Alcohol is prohibited in accordance with Islamic traditions, but has previously been sold at some hotels in Sanaa and Aden. Most Yemeni men and a lot of women chew qat every day, especially in the northern parts of the country. The plant juice from the bush has effects on the human central nervous system. In most other Muslim countries, qat is forbidden; even though it is not stated in the Qur’an, the precautionary principle usually prevails so that Muslims are advised not to use drugs.
Religion is important in Yemeni society, where the vast majority are deeply believing Muslims. Most Yemenis are happy to meet non-Muslims and would like to show them religion from its best side, but religious issues can be sensitive to discuss. Publicly expressed atheism is rare and can be considered offensive. It is advisable to show respect and discretion, especially with people you do not know well. One should not publicly criticize Islam, Prophet Muhammad or the Qur’an.
Mosques do not wear shoes or revealing clothing, and women must cover their hair. Do not photograph women without explicit permission.
It is important to remember that traveling to Yemen is dangerous because of the security situation and most governments in Europe, including the Swedish, discourage their citizens from all visits (see Tourism). The danger lies not only in extremist groups and fighting, but also in crime and kidnappings with economic motives. Aqap (see Political system) and similar groups (see Modern history) have killed foreigners in kidnappings and attacks with political motives.
Poorly developed infrastructure has long been an obstacle to development in Yemen, making it difficult for the state to control difficult access to rural areas. The road network is poorly maintained and in many places parts of the roads are washed away during floods in principle every year. However, new investments in the infrastructure have been made with the help of oil revenues during the 00s and major improvements have been made.
There are no railways, but there are plans, among other things, to connect Yemen to the railway network that extends between the countries of the Persian Gulf. Whether it is uncertain if they will be realized.
The port of Aden has long been an important hub for international shipping, and it has recently been expanded to handle international freight traffic between Europe, Asia and Africa.
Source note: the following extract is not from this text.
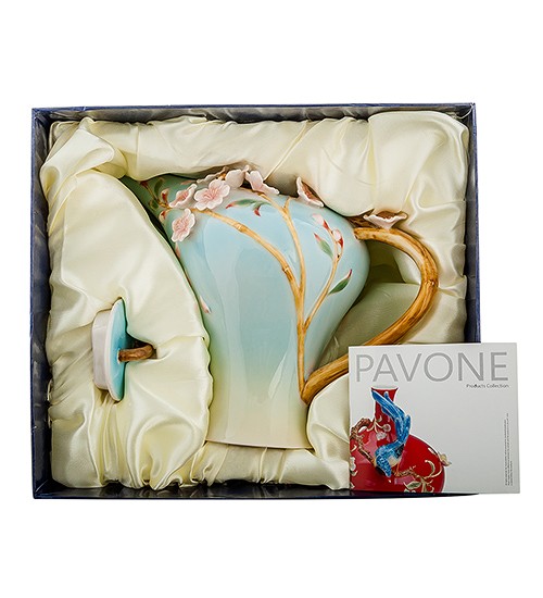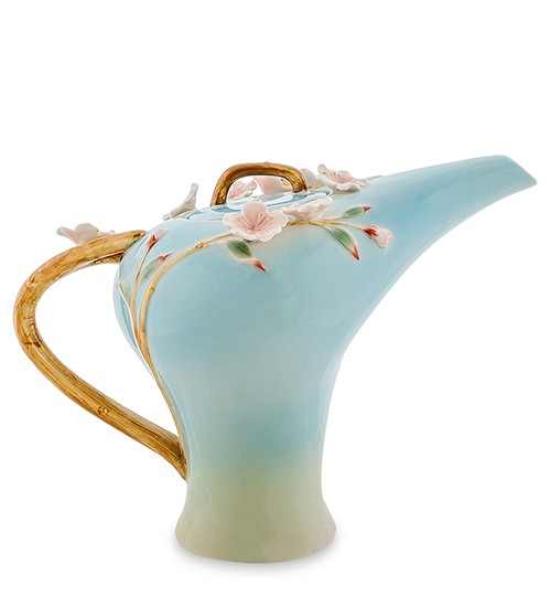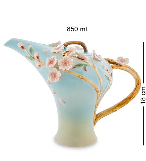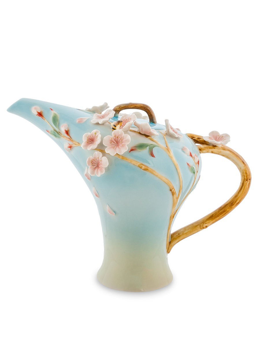 В нежной, спокойной, теплой цветовой гамме было решено выполнить этот чайник, и это решение оказалось правильным. Нежные цветки сакуры, расположившиеся на изящной ветке — идеальный орнамент для таких цветов, и изделие становится невероятно гармоничным и привлекательным. Красота, нежность, мягкость линий — отличительные черты этого уютного чайника, который способен придать кухне и чаепитию особенный колорит с восточными нотками.
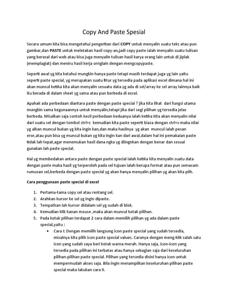 Hal yg membedakan antara paste dengan paste special ialah ketika kita menyalin suatu data

A container terminal was inaugurated in 1999. However, the port suffered a severe setback when a French oil tanker was subjected to a blast attack in 2002. Soon after the business recovered, a new threat to shipping in the area arose, in the form of Somali pirate operations.
Yemen’s oil exports are mainly via Ras Isa on the Red Sea. Other important ports are in al-Hudayda, al-Mukalla and Mocka.
Yemen has around twenty airports, most of them small.